• _EXTRACTED RECORDS_
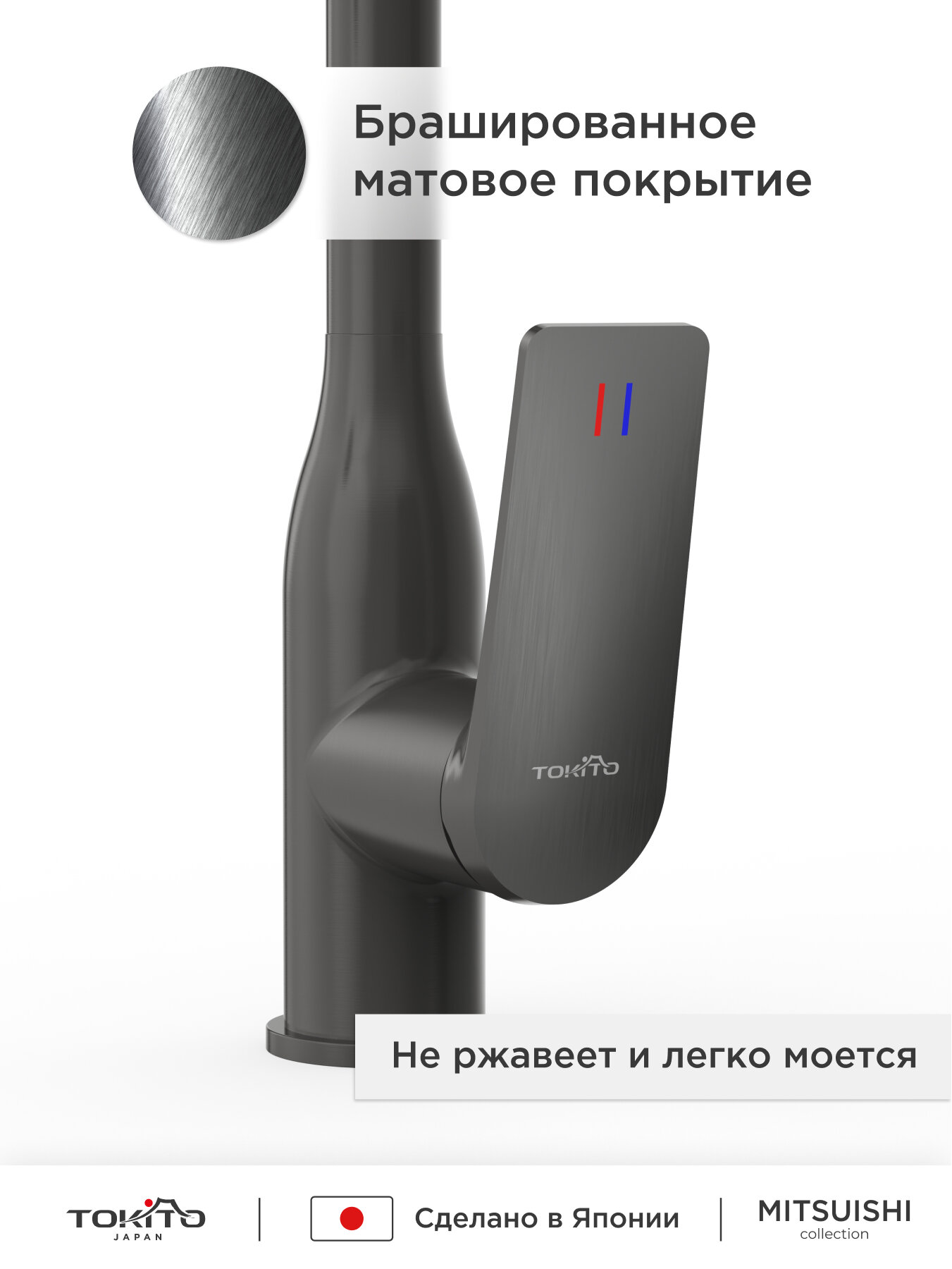 Купить Смеситель для кухни Tokito Mitsuishi оружейная сталь с гибким изливом с подключением к фильтру (TOK-MIT-1012GM)
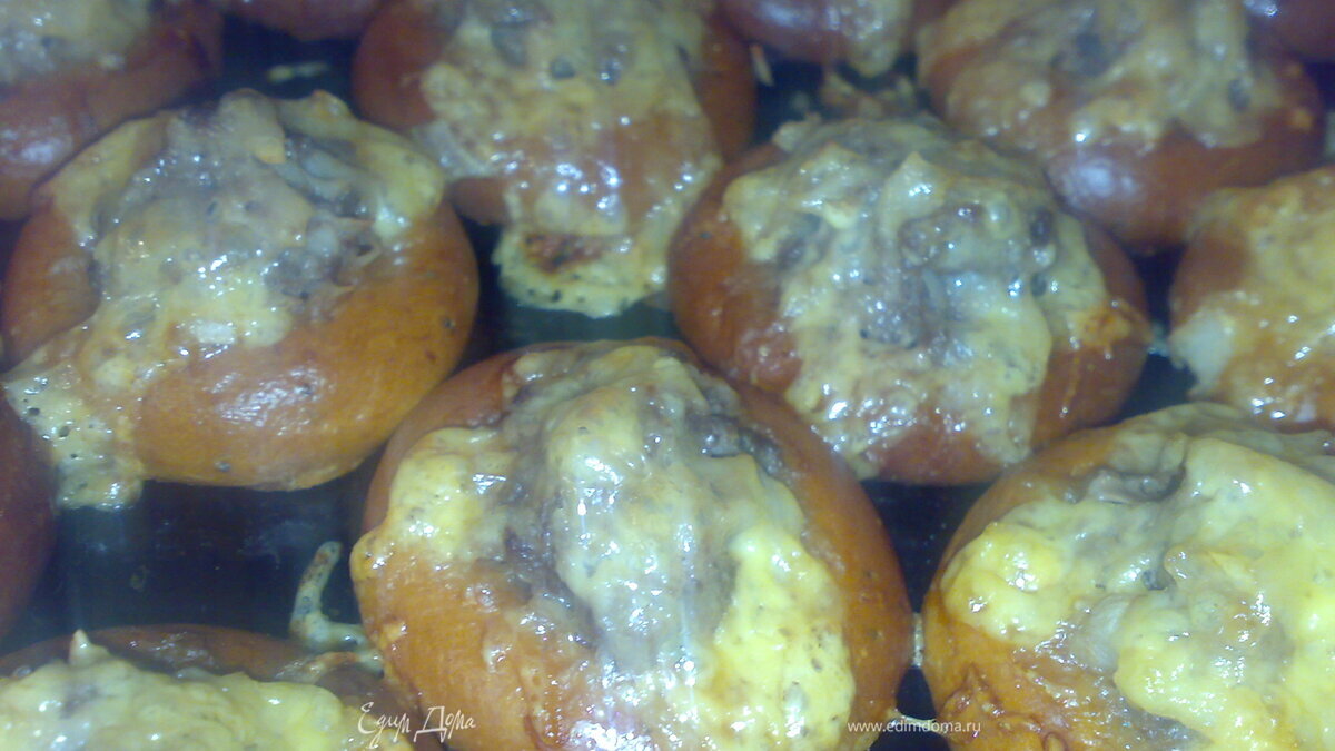- Шаг 1Сушки вымачиваем 2 минуты в молоке, и выкладываем на смазанный маслом противень. В каждую дырочку выкладываем массу из фарша и сверху посыпаем тертым сыром.
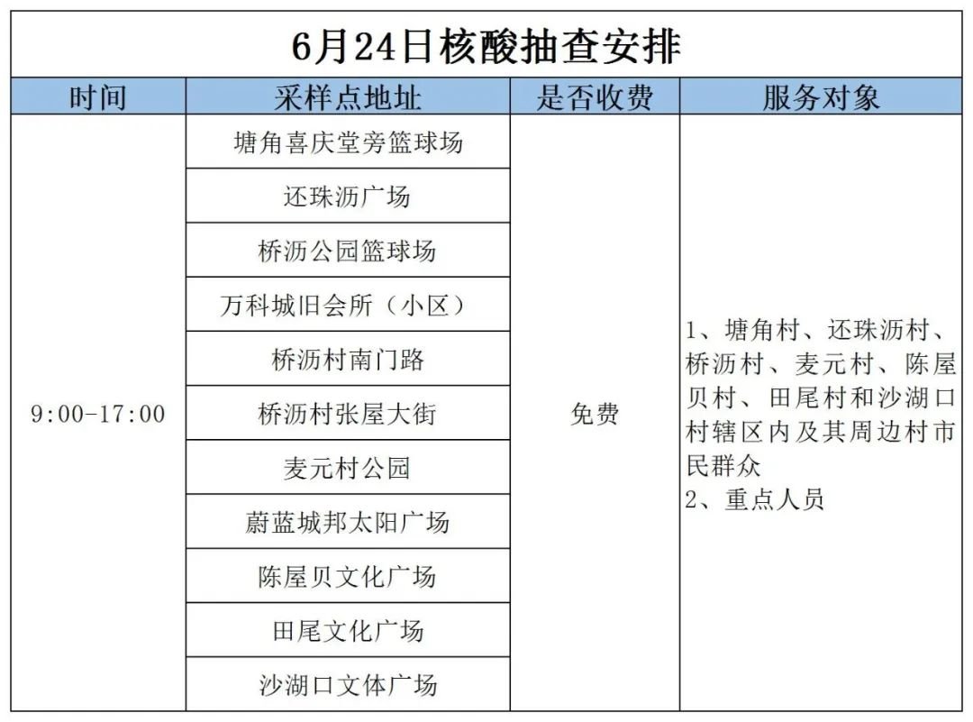为充分发挥核酸检测的“排雷兵”作用和监测预警作用,常平镇开展核酸抽检工作。6月24日安排如下:
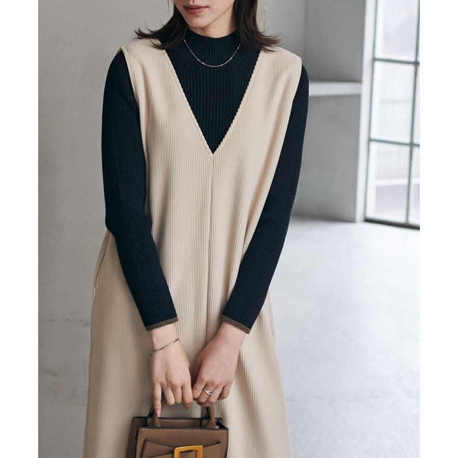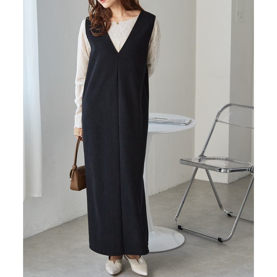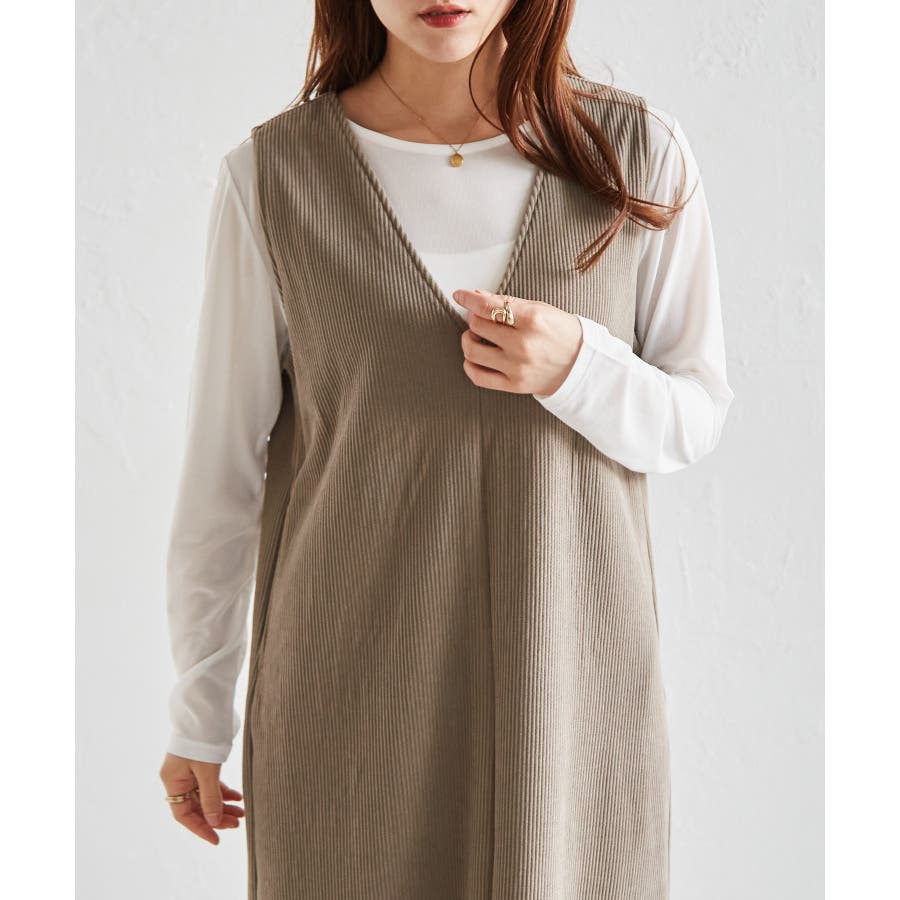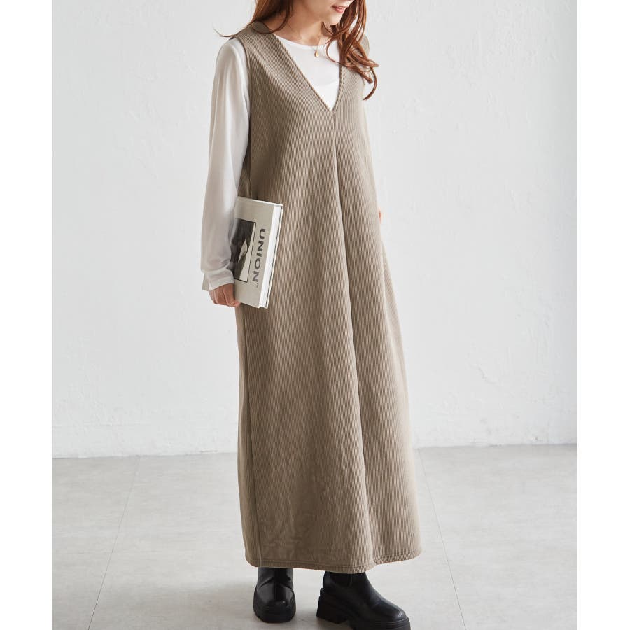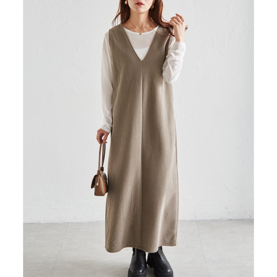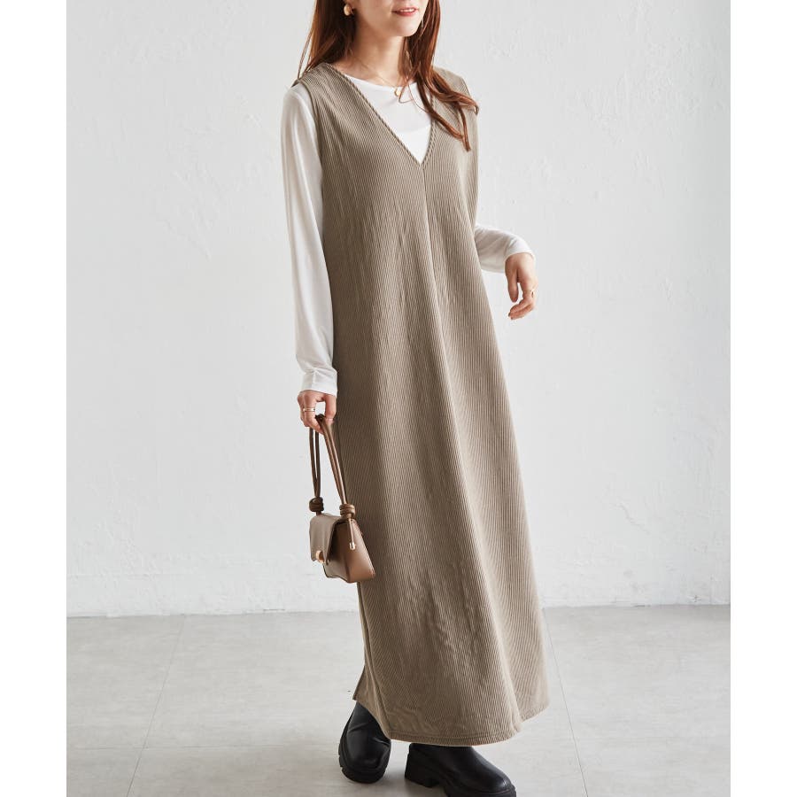 ・ニットコールの太ウネが可愛い縦ラインでスッキリ見える深Vネックのジャンパースカート。
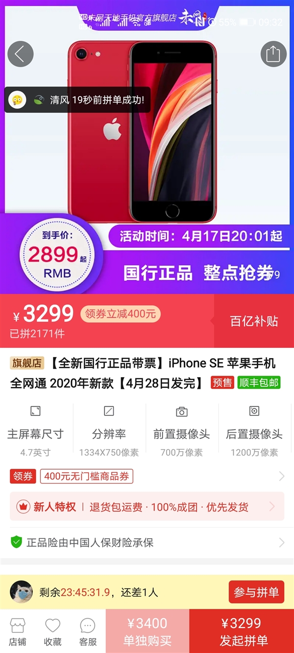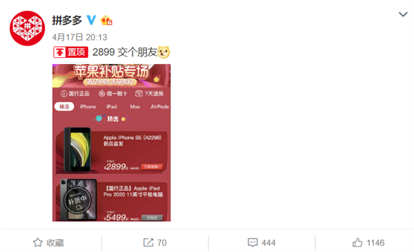 4月8日晚,全新的iPhone SE发布。苹果官网文案写到“升级到iPhone SE,理由多多。”对此,拼多多官微表示“多多…被疯狂暗示”。随后,拼多多的预约界面也显示“惊喜价”。昨晚8点,新iPhone SE正式开启预售。拼多多如约兑现承诺:新iPhone SE降价400元,只要2899元即可到手。
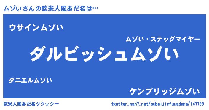 | 意味不明あだ名 | 『永久保存ムゾい』『自称ムゾい』 |
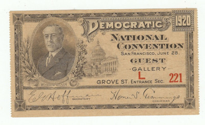 Title (ebay affiliate link): 1920 DEMOCRATIC NAT'L CONVENTION TICKET - JAMES COX
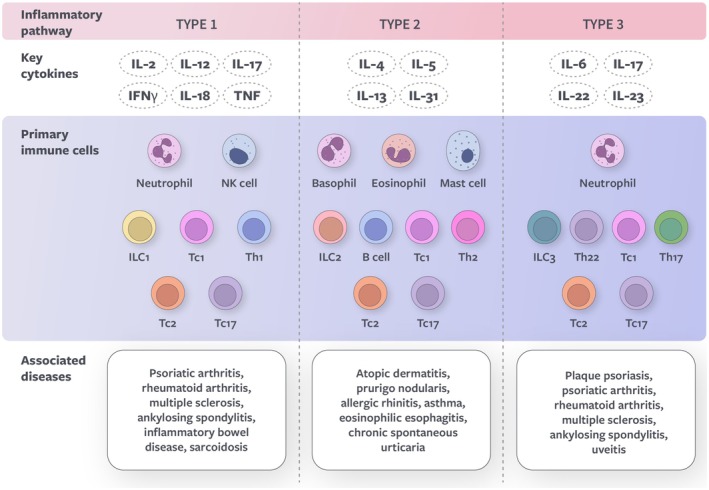 Atopic dermatitis, prurigo nodularis, and chronic spontaneous urticaria are immune-mediated, inflammatory skin conditions characterized by intense itch and disease-specific skin lesions. Despite their different clinical presentations, the three diseases are unified by an aberrant type 2 immune response involving type 2 cytokines, immune cells, and sensory nerves that may underlie their shared clinical manifestations of inflammation and pruritus. The chronic nature of these conditions is associated with significant impairment in patients' quality of life and psychological disorders, such as anxiety and depression. This article reviews type 2 inflammation and its role in atopic dermatitis, prurigo nodularis, and chronic spontaneous urticaria, focusing on the pathophysiologic drivers of type 2 inflammation in each dermatologic condition. Understanding the shared immune mechanisms that underlie these seemingly distinct skin diseases and other concomitant inflammatory conditions is critical for applying therapeutic interventions targeting the type 2 immune pathway.
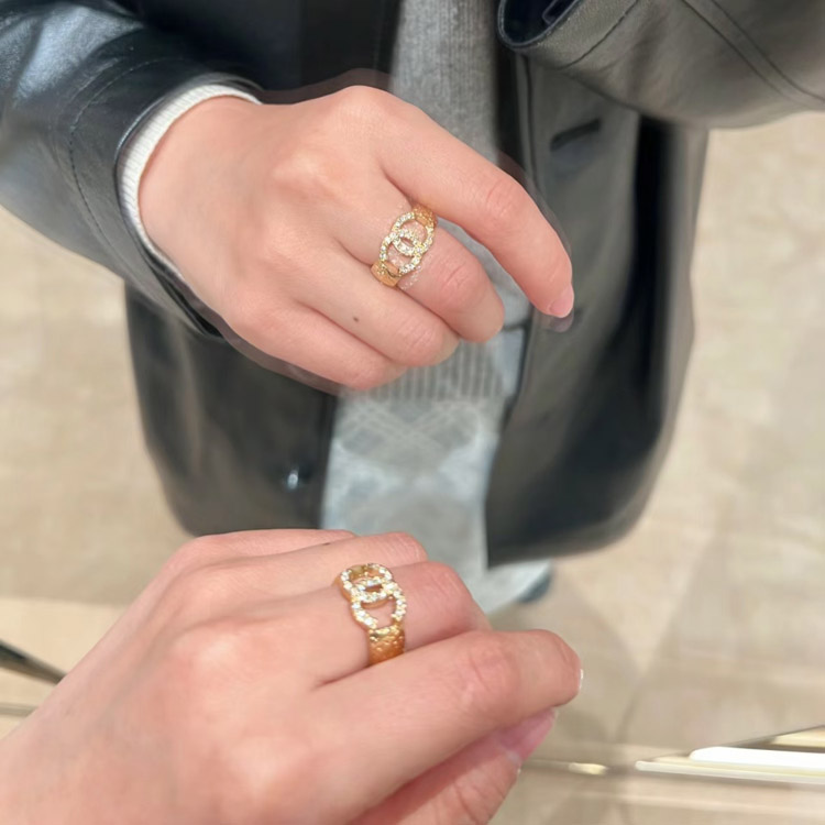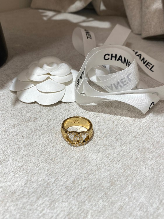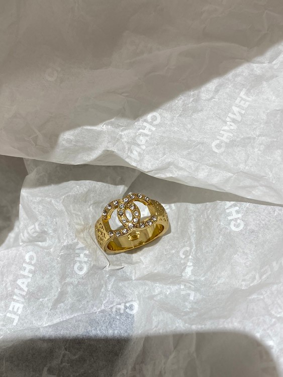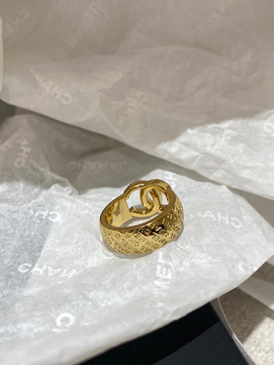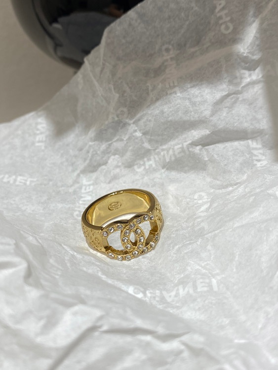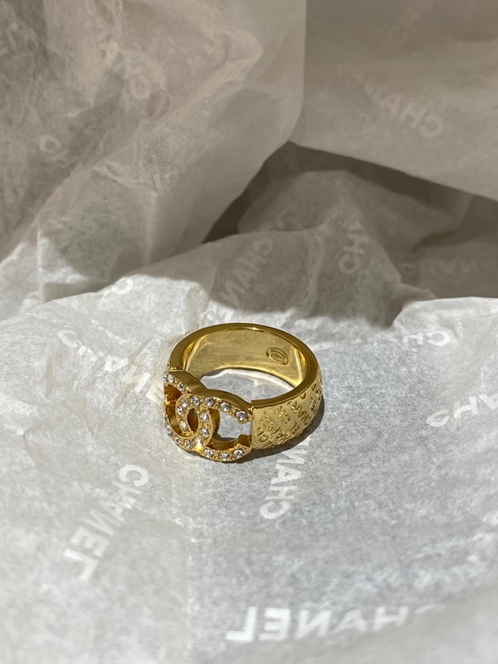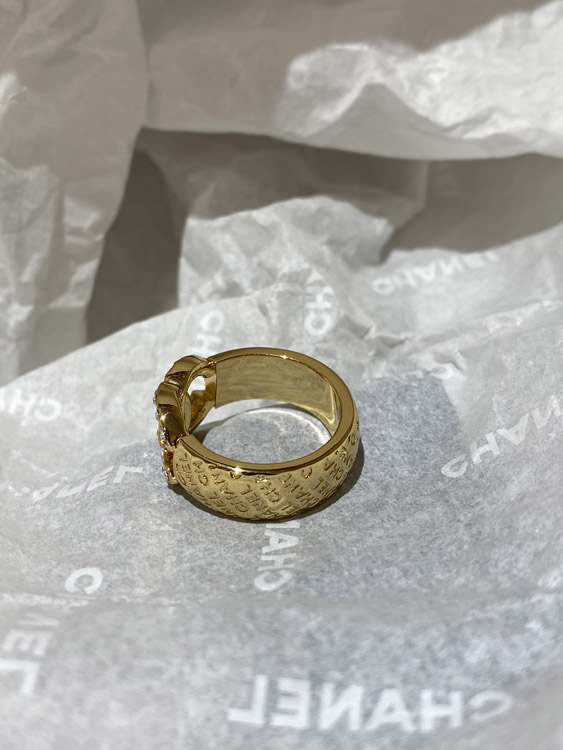 Home > Chanel gold letter embossed double C diamond double-sided wearable ring-3591

• _YOUR OBJECTIVE_
Once the line holding "2 immune pathway." is found, set down that line and every line after it, exactly, through the last line of the records above, omitting pictures.

• _RESPONSE_
 Atopic dermatitis, prurigo nodularis, and chronic spontaneous urticaria are immune-mediated, inflammatory skin conditions characterized by intense itch and disease-specific skin lesions. Despite their different clinical presentations, the three diseases are unified by an aberrant type 2 immune response involving type 2 cytokines, immune cells, and sensory nerves that may underlie their shared clinical manifestations of inflammation and pruritus. The chronic nature of these conditions is associated with significant impairment in patients' quality of life and psychological disorders, such as anxiety and depression. This article reviews type 2 inflammation and its role in atopic dermatitis, prurigo nodularis, and chronic spontaneous urticaria, focusing on the pathophysiologic drivers of type 2 inflammation in each dermatologic condition. Understanding the shared immune mechanisms that underlie these seemingly distinct skin diseases and other concomitant inflammatory conditions is critical for applying therapeutic interventions targeting the type 2 immune pathway.
 Home > Chanel gold letter embossed double C diamond double-sided wearable ring-3591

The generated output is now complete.